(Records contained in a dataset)
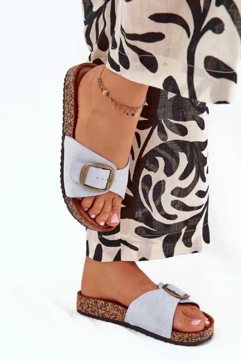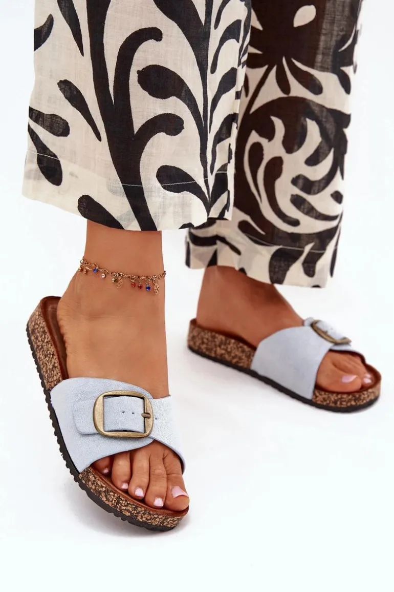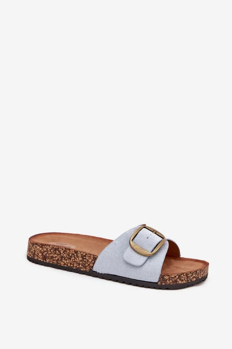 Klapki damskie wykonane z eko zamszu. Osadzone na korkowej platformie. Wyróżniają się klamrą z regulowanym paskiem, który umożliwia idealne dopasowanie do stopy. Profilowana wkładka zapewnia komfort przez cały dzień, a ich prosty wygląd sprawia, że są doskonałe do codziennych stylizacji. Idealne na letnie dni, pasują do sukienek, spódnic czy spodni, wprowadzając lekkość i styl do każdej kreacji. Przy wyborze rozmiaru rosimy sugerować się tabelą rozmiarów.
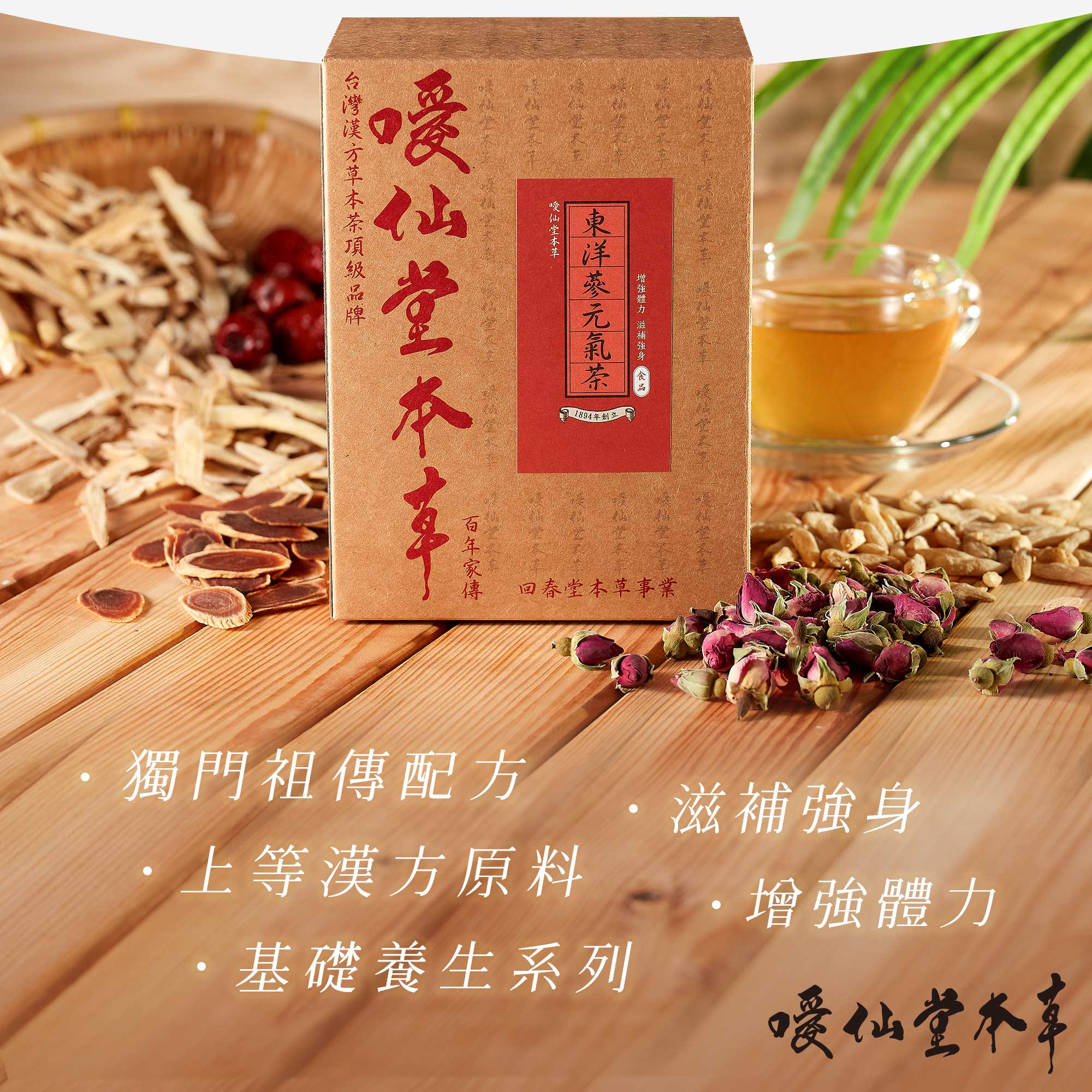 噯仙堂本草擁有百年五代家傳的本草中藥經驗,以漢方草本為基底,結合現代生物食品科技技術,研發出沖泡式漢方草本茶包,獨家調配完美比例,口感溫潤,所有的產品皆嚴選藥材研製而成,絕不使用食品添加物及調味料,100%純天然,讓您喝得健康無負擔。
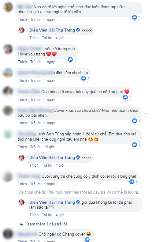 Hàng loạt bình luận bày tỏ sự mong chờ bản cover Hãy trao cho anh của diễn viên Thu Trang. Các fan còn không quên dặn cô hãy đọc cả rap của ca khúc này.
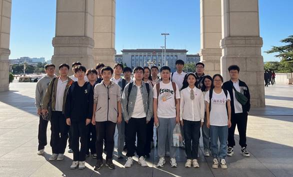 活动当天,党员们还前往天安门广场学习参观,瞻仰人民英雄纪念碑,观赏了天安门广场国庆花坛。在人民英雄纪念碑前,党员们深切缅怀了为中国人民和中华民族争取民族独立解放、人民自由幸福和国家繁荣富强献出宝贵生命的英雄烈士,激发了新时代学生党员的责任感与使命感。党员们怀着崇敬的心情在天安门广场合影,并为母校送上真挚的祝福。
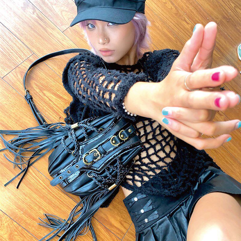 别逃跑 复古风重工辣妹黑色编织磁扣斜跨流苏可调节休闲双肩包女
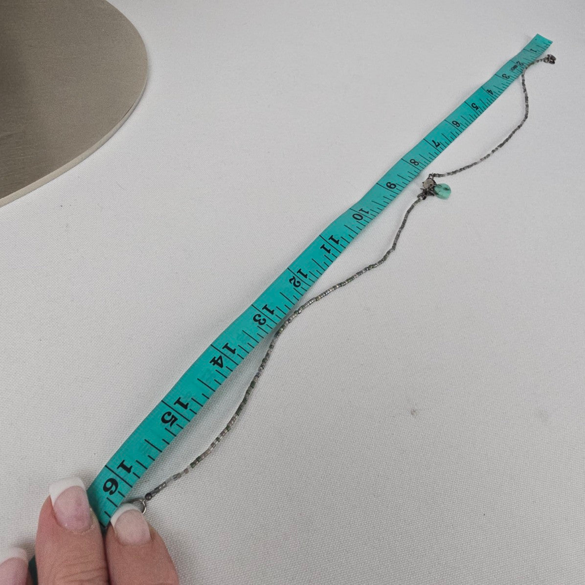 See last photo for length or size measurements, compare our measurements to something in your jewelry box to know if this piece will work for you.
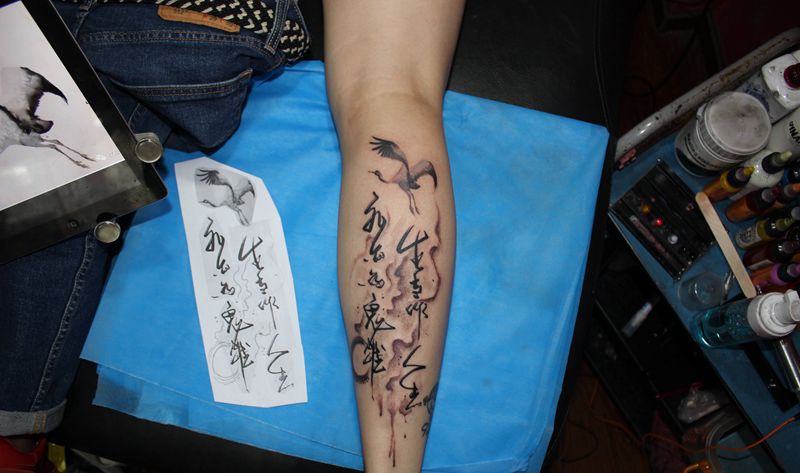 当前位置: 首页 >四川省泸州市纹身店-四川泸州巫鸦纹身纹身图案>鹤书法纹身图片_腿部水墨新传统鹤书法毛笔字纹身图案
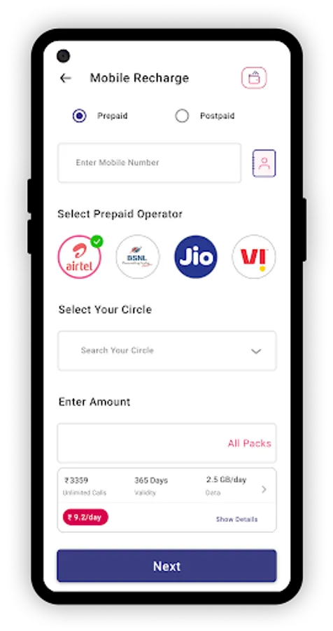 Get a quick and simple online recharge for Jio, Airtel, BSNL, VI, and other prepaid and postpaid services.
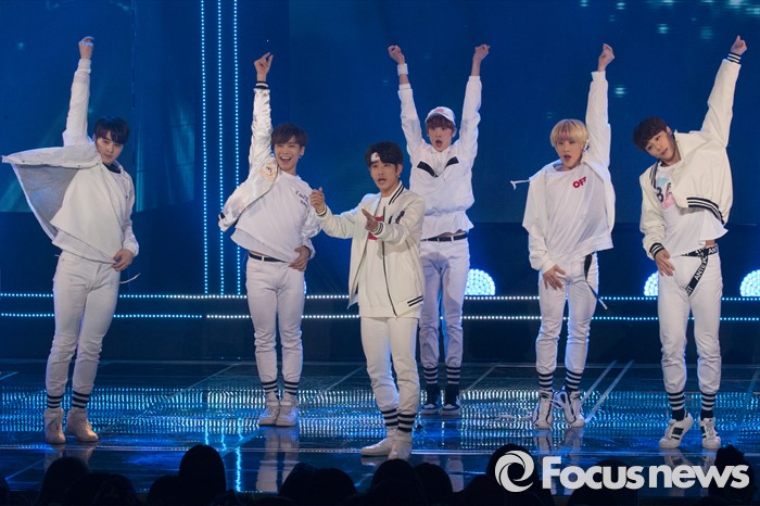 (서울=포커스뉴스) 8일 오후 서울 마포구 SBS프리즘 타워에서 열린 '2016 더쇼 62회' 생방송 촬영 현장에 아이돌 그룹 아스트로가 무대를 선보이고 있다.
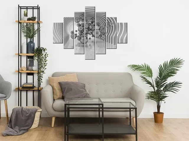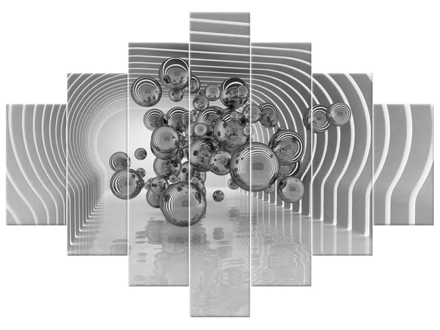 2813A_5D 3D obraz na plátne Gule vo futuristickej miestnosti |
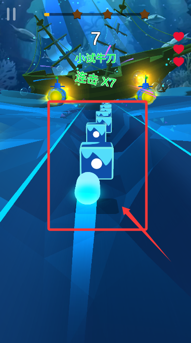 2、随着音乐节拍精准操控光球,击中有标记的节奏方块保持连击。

■ **TASK INSTRUCTIONS**: Excluding the pictures, retype the line containing "2813A_5D 3D obraz" and all lines after it down to the end of the data above.

■ **SOLUTION FOR THIS EXERCISE**:
 2813A_5D 3D obraz na plátne Gule vo futuristickej miestnosti |
 2、随着音乐节拍精准操控光球,击中有标记的节奏方块保持连击。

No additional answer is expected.